We live in a rapidly advancing world – one where technology is progressing at such a rapid rate that items like cars are being developed like software in Beta testing. But, there are some technologies not yet fully developed or widely available that could revolutionize the automotive industry in the same way Henry Ford did with the production line. We’ve compiled five future technologies that we can’t wait to see in action.
While the rest of the world seems to think the combustion engine is dying, the Japanese seem to think it still has life left if it can be made more efficient. Mazda is just one brand pioneering such efficiency through SkyActiv X. Imagine all the pros of a high compression gasoline engine, with all the pros of a diesel engine, and you get the gist of what they’re trying to do. By combining boost and incredibly high compression ratios, Mazda’s SkyActiv X is set to be the world’s first production gasoline compression engine.
The use of compression and clever spark timing will enable maximum efficiency and incredible fuel economy, but it will also maximize the amount of energy released from every drop of fuel – increasing power outputs, improving engine responsiveness, and creating enjoyable gasoline powered cars long after the world said gasoline was dead.

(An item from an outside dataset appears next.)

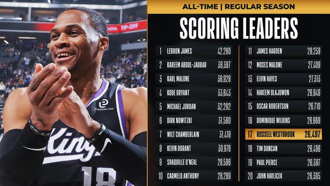 传奇之路,威少总得分超越邓肯升至历史第17

What was it I said about the Japanese refusing to let go of gasoline power? Nissan, and in particular, the brand’s luxury arm, Infiniti, has developed the world’s first variable compression engine. You see, engines with a fixed compression ratio are limited to a fixed set of pros and cons, but variable compression gives you the best of all worlds – giving you maximum power and responsiveness from a low compression engine, while giving you the economy and efficiency of a high compression engine.
Nissan’s VC-T technology combines a host of technology we’ve seen before, and some we haven’t to create an almost infinitely variable setup; combining turbocharging, port and direct injection, a regular combustion cycle and an Atkinson cycle, and the ability to adjust the piston positioning. Other inherent benefits of the VC-T technology include the removal of a traditional balancing shaft due to the engine being smoother and more refined than any other 4 cylinder around. Though it may be a technology of the future, Infiniti has made it available today in the new QX50.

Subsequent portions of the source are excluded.